Meta Description: Apple sued by authors for allegedly using pirated books to train AI models without permission. Learn how this lawsuit could reshape AI training practices.
Apple, known for its stance on user privacy and ethical business practices, now faces an AI training data copyright lawsuit. Two U.S. authors, Grady Hendrix and Jennifer Roberson, filed a proposed class action in early September 2025 alleging Apple used their copyrighted books without permission to train its language models. The complaint points to Books3 and RedPajama derived datasets that have been described by some observers as pirated training data. Could this high profile case force the industry to change how it sources training material and increase demands for dataset disclosure and licensed content deals?
For years, companies have relied on large scraped datasets to train generative AI systems. The Books3 dataset, at the center of this suit, contains tens of thousands of books and has been used by multiple AI developers despite questions around provenance. The lawsuit arrives as courts and legislators are increasingly focused on fair use in AI training and on policies that require transparency in AI training datasets.

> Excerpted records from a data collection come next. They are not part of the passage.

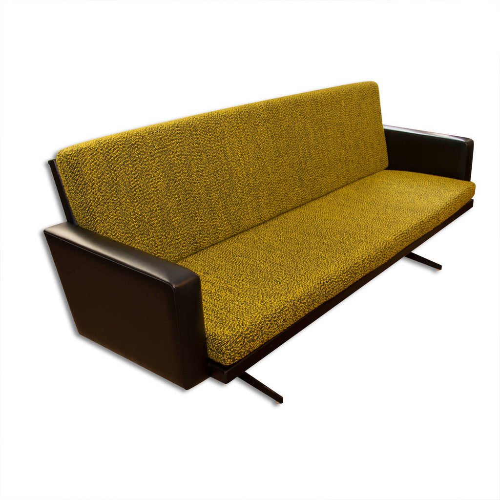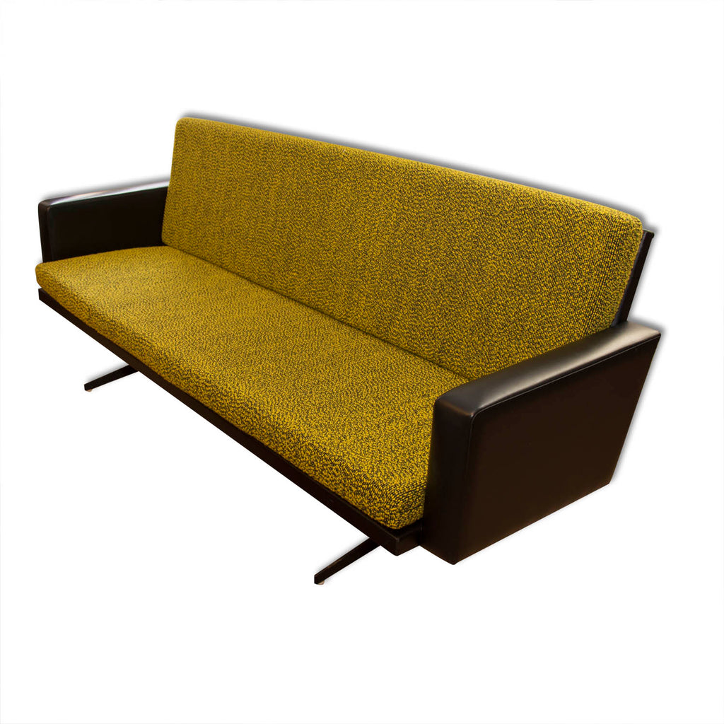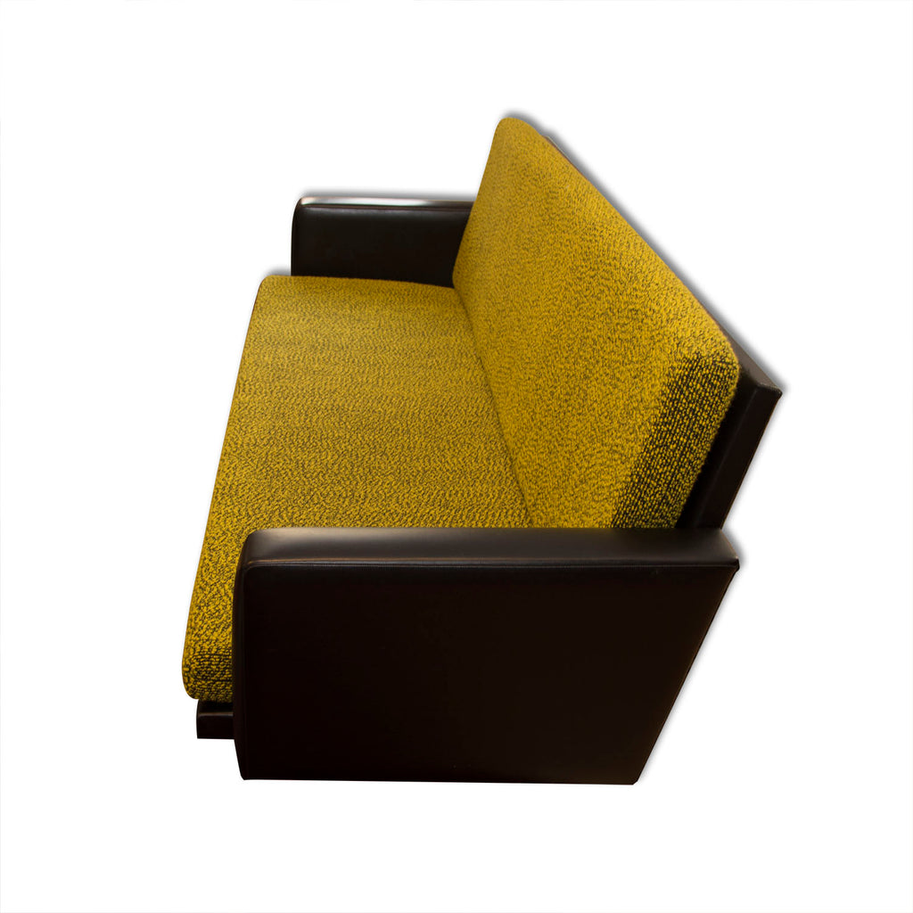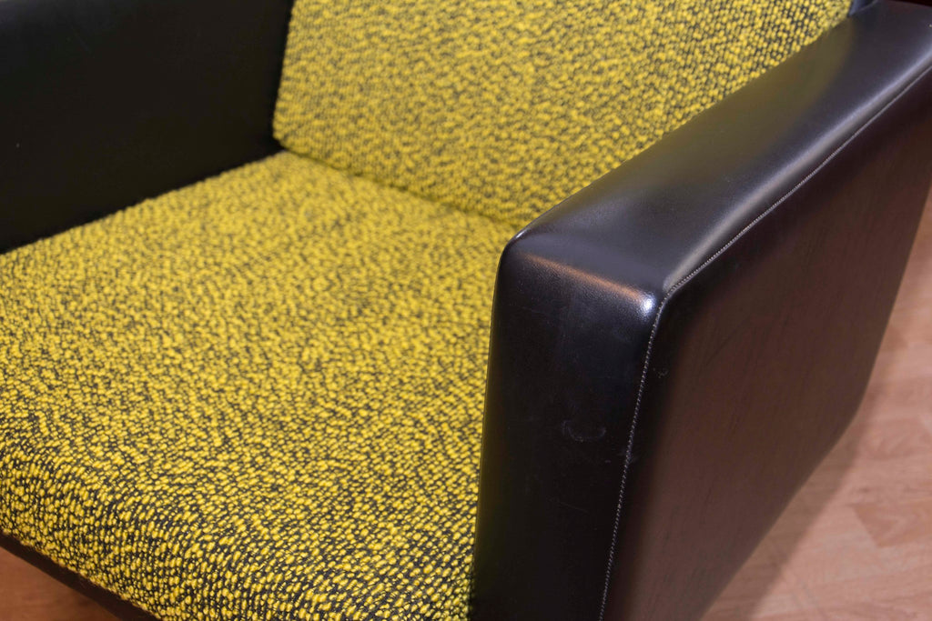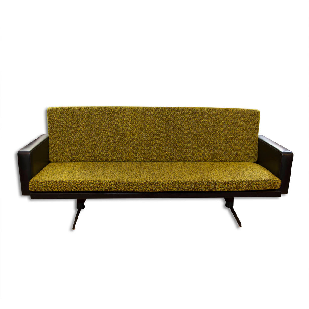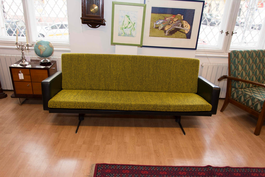 This lounge or office set was made in Czechoslovakia in the 1970´s and consists of one sofa and a pair of swivel armchairs. The set is upholstered with brown leatherette and features original light green upholstery. The legs are made from iron. All in original condition. Price is for the set. The furniture is in excellent original condition.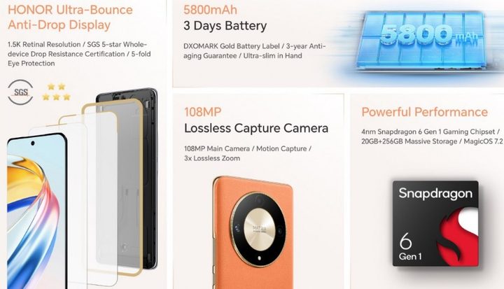 Honor Magic6 Lite arranca Magic UI 7.2 basado en Android 13 y cuenta con una batería de 5.800 mAh con soporte de carga de 35W, que promete una carga que puede durar hasta 3 días.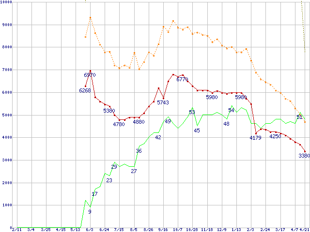 ※このグラフは過去のデータも税率5%相当に調整した税込み相当額のグラフです。 税率変更や、総額表示方式導入(2004年4月)の影響は除いています。 | | | ●凡例 | 最安値 (点線部は販売店未確認 または未調査) | 平均値 | 最高値 | ショップ数 |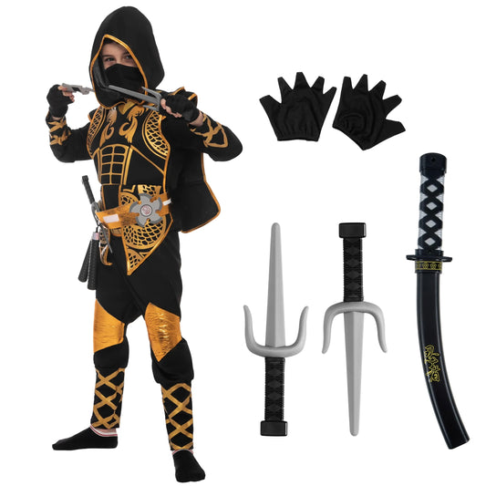 Syncfun Golden Ninja Costume for Kids Boys Halloween Dress Up Age Up to 12 Years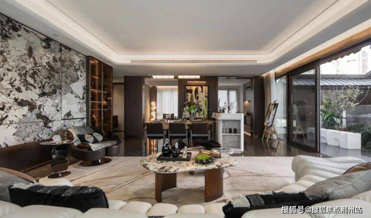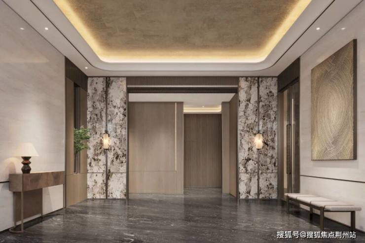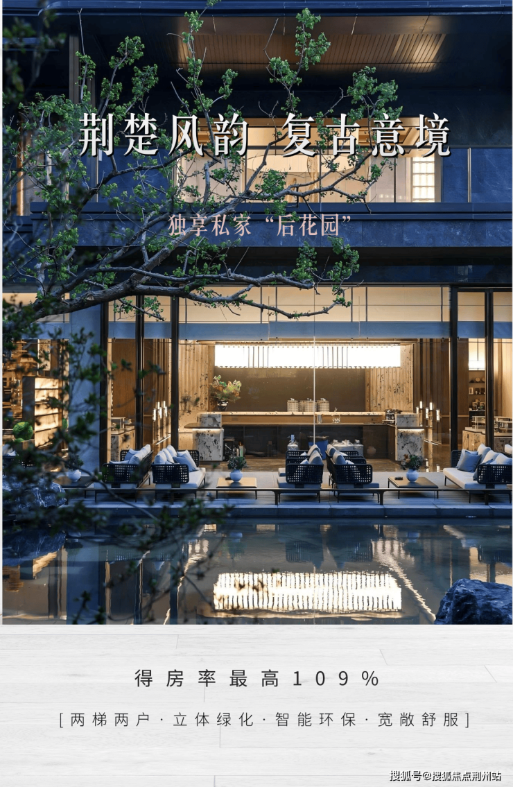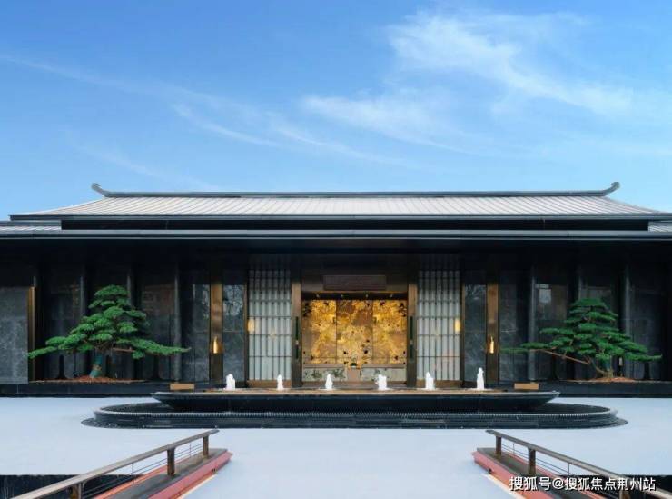 穿过公园便是汉宫屋顶的中式奢阔社区门楼,充满荆楚风韵的酒店式大堂,连接下沉庭院,如诗如画。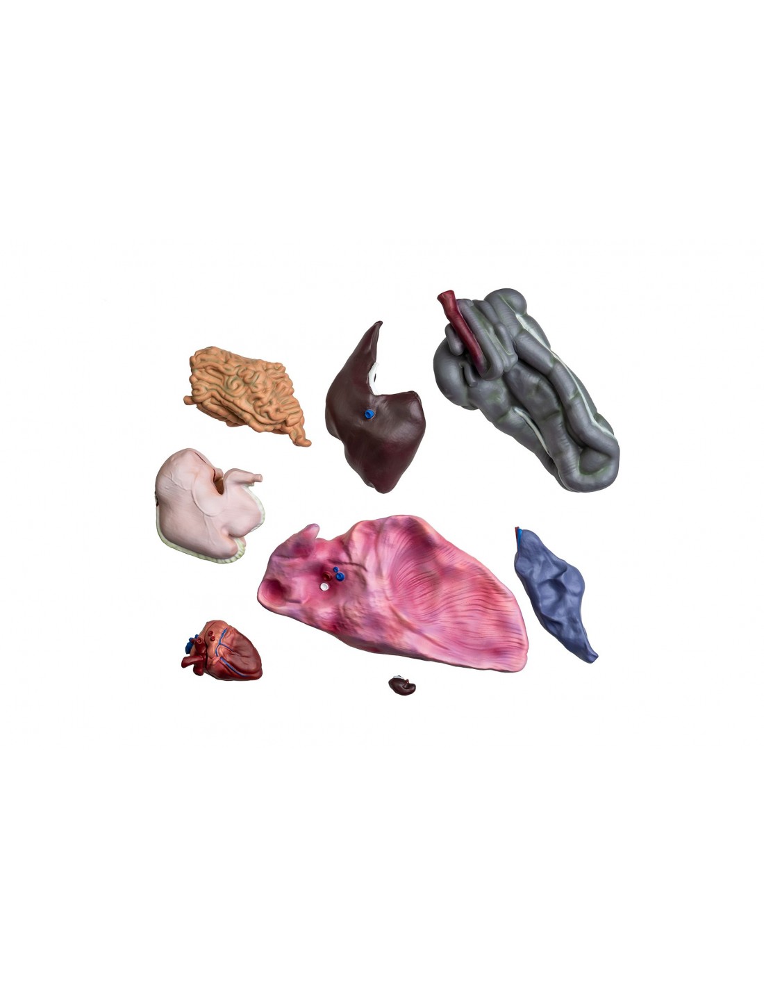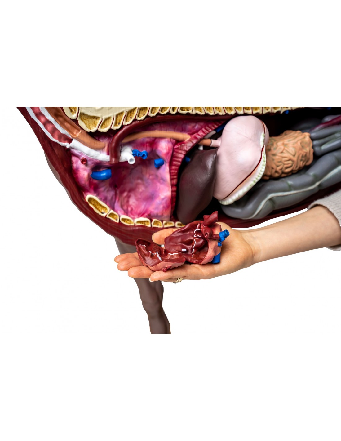 La mitad derecha muestra la piel exterior del animal, mientras que la mitad izquierda muestra los músculos del cuerpo y las extremidades. Cuando se separan las dos mitades, el lado izquierdo muestra el tórax y la cavidad abdominal con órganos desmontables, mientras que el lado derecho del modelo muestra los principales vasos sanguíneos, el corazón y la pared de la cavidad abdominal con órganos desmontables.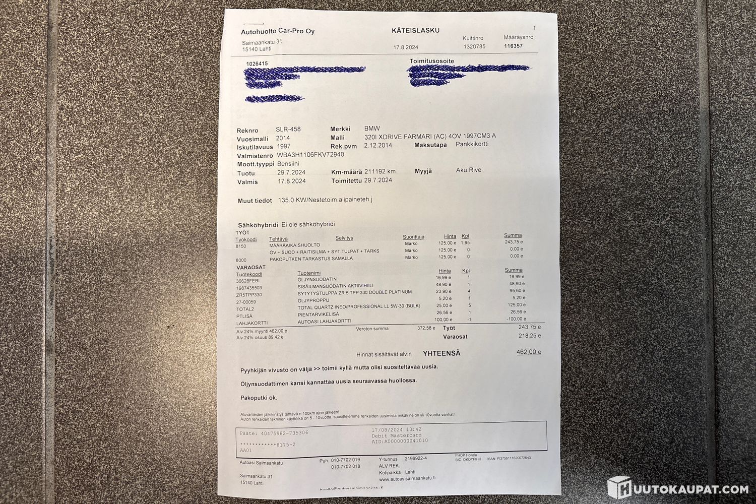 Huomioithan, että huutokauppaan osallistuminen ilman ostoaikomusta on kiellettyä. On sinun vastuullasi tutustua kohteeseen ja siitä annettuihin tietoihin ennen tarjoamista, tervetuloa myös tutustumaan autoon paikan päälle. Mikäli kohteesta herää mitä tahansa kysyttävää, olethan ystävällisesti yhteydessä meihin tai Huutokaupat.comin asiakaspalveluun, kiitos!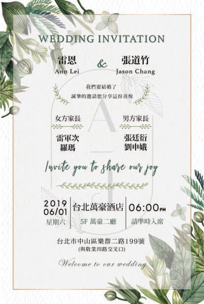 孫胤軒 Miko 姜靜君 MuMu& 男方家長 女方家長 Groom Bride 孫黃鳳 孫國文 陳妙苑 姜聰安 楊秀鳳 Invite you to share our joy Welcome to our wedding 台北市信義區忠孝東路五段10號 2019/11/02(六) 12:00 結婚午宴 11 :30 雞尾酒會 12:30 準時開席 10 Zhongxiao East Road, Sec. 5 Xinyi District., Taipei 104, Taiwan 台北 W 飯店 8 樓 風尚廳 W TAIPEI 8F-MEGAE 41 Invitation Design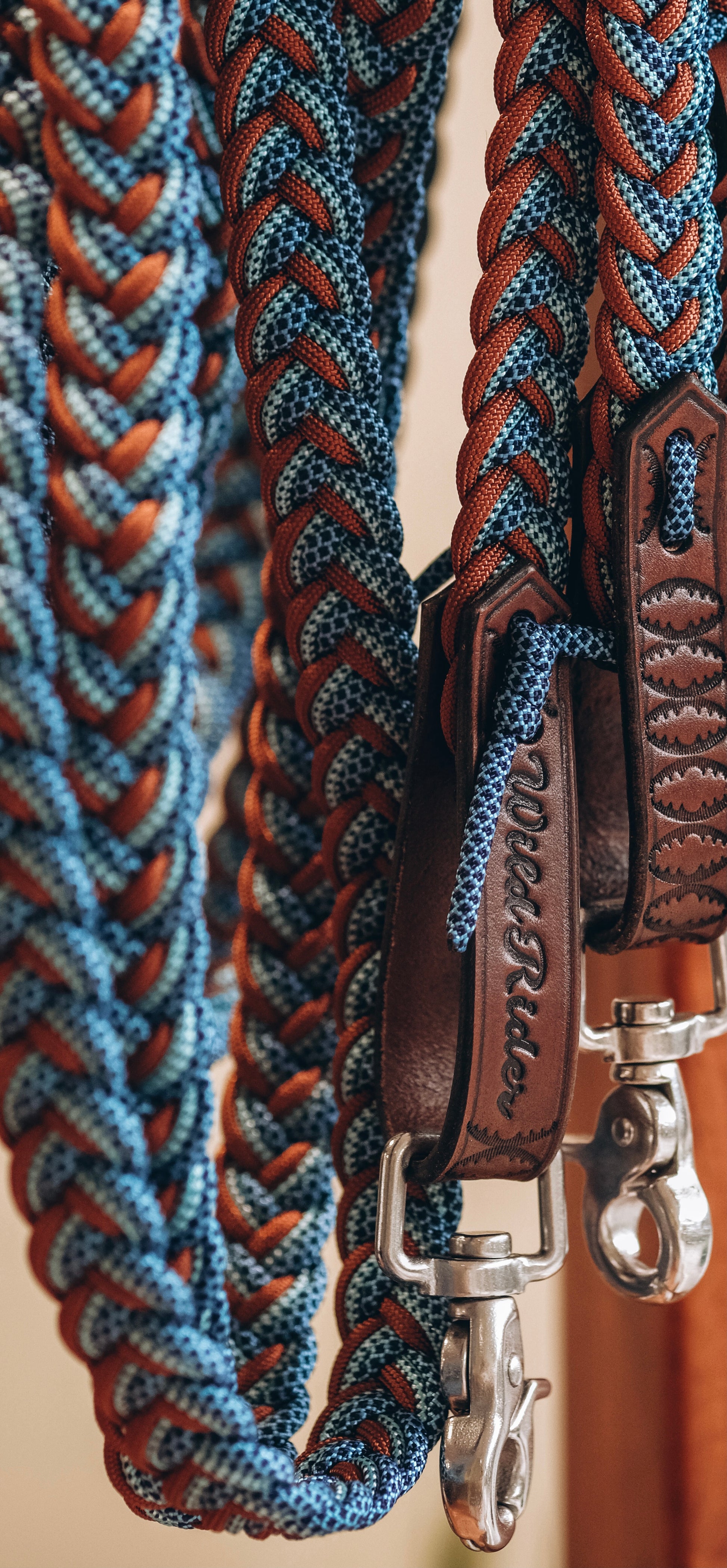 - Comes equipped with hand made branded, hand-tooled and hand-painted leather water ties, allowing you to replace any clips you attach, or simply use them without clips looped onto your horse's bit.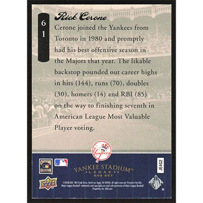 This is a 2008 Upper Deck Yankee Stadium Legacy Collection Box Set Rick Cerone baseball card. The card is #61 and pictures show condition. Team(s): New York Yankees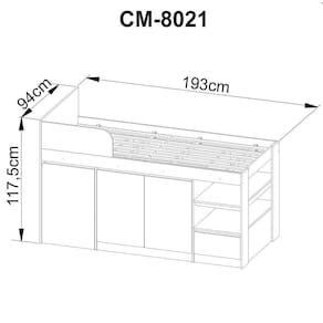 Cama Multifuncioal CM8021, é perfeita para otimizar o seu dormitório já que possui escrivaninha embutida e compartimentos para objetos diversos. Estrutura em MDP de 15mm, acabamento em pintura UV/BP. Equipada com uma mesa lateral retrátil com rodízios para facilitar o manuseio e dois nichos perfeitos para deixar o ambiente mais organizado, armário com 02 portas centrais com dobradiças metálicas, 02 prateleiras e abaixo 01 gaveta com corrediças metálicas, é ideal para colchão solteiro 88x188 cm, para maior possui proteção lateral. Esta cama promove maior espaço ao ambiente e melhor aproveitamento da área, móvel 100%, o que garante a resistência e vitalidade do produto. Este móvel chegará em sua casa separado em 03 volumes.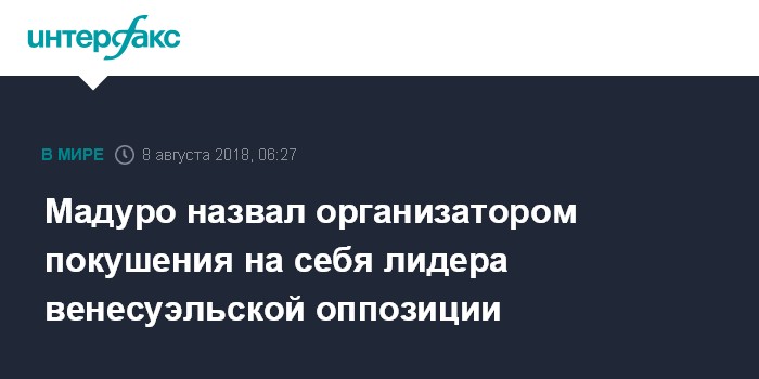 Москва. 8 августа. INTERFAX.RU - Президент Венесуэлы Николас Мадуро во вторник вечером выступил с телеобращением и заявил, что за покушением на него стоит один из венесуэльских оппозиционных лидеров, проживающих в Колумбии, сообщает информагентство Associated Press.
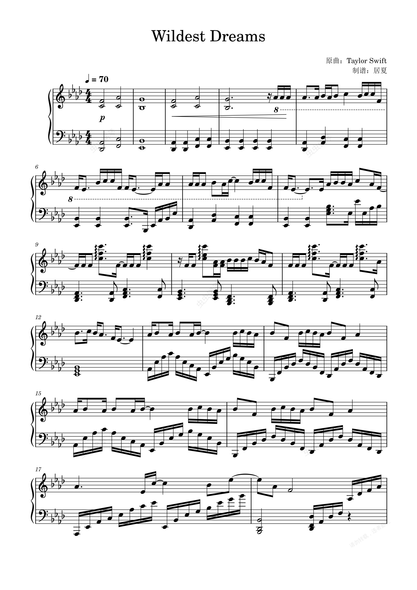 钢琴谱:Wildest Dreams 独奏版Taylor's Version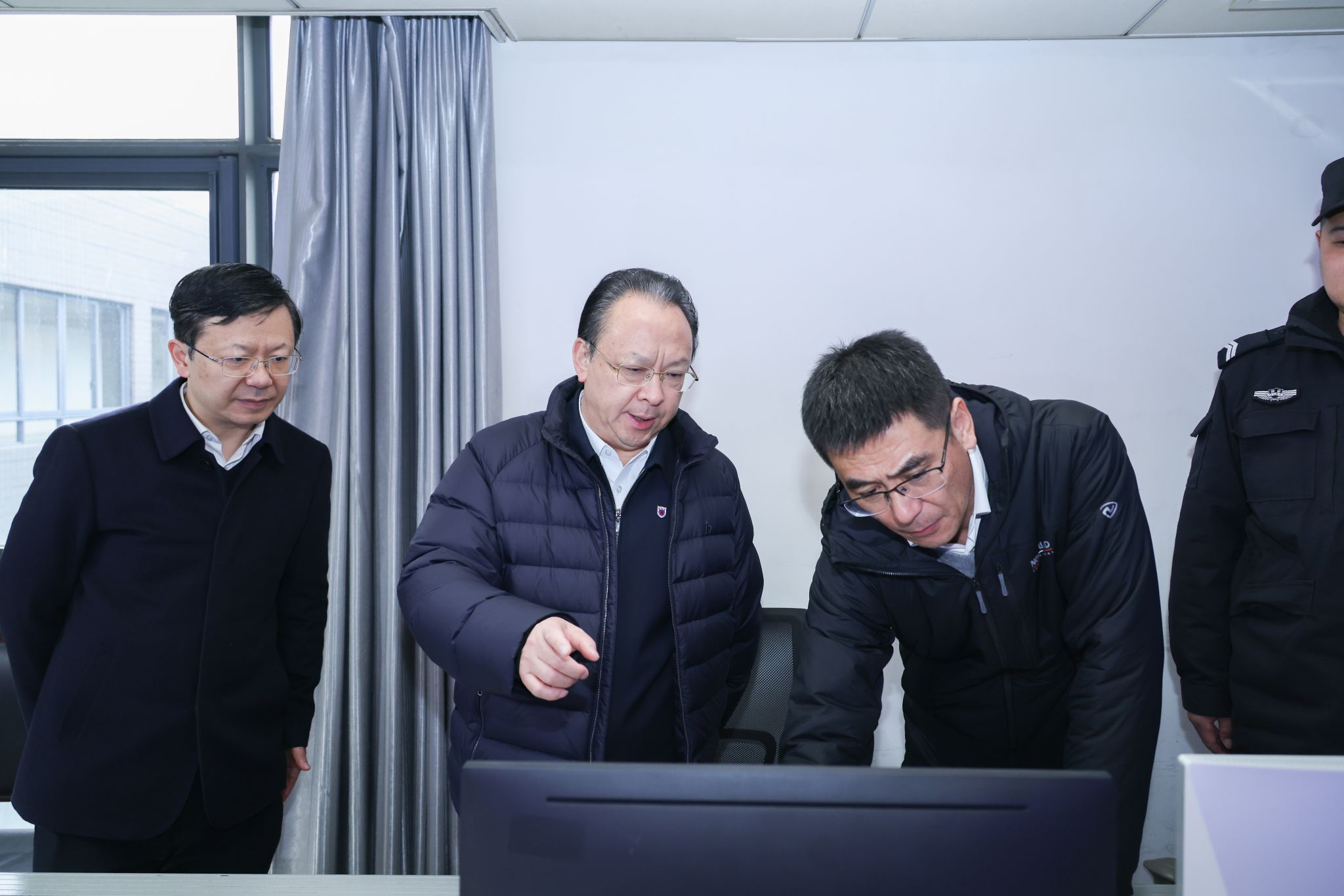 在保卫处,谭铁牛向保卫人员为维护校园安全稳定所做出的贡献致以衷心的感谢。他仔细查看了远程监控系统的运行情况,详细询问了远程监控系统与相关学院危化品管理监控的对接情况。他强调,要进一步推动人工智能赋能校园安全工作,优化监控布局,及时排查监控系统存在的问题,提升监控系统的预警能力,为校园安全稳定提供坚实保障。

This case follows a wave of litigation and settlements in 2024 to 2025 that made headlines and set new expectations for AI companies. A record breaking settlement earlier this year highlighted the financial exposure companies face when training models on disputed content. Plaintiffs are seeking monetary damages and injunctive relief that could force companies to retrain models using only properly licensed material, a costly and time consuming process.
The outcome could accelerate several trends we are already seeing:
Apple's lawsuit over alleged use of pirated books for AI training is more than a single legal dispute. It underscores the shift toward heightened legal scrutiny of how commercial AI systems are trained and the growing demand for transparency in AI training datasets. Companies that adopt robust licensing practices, document dataset provenance, and embrace transparent policies will be better positioned as the legal and regulatory landscape evolves.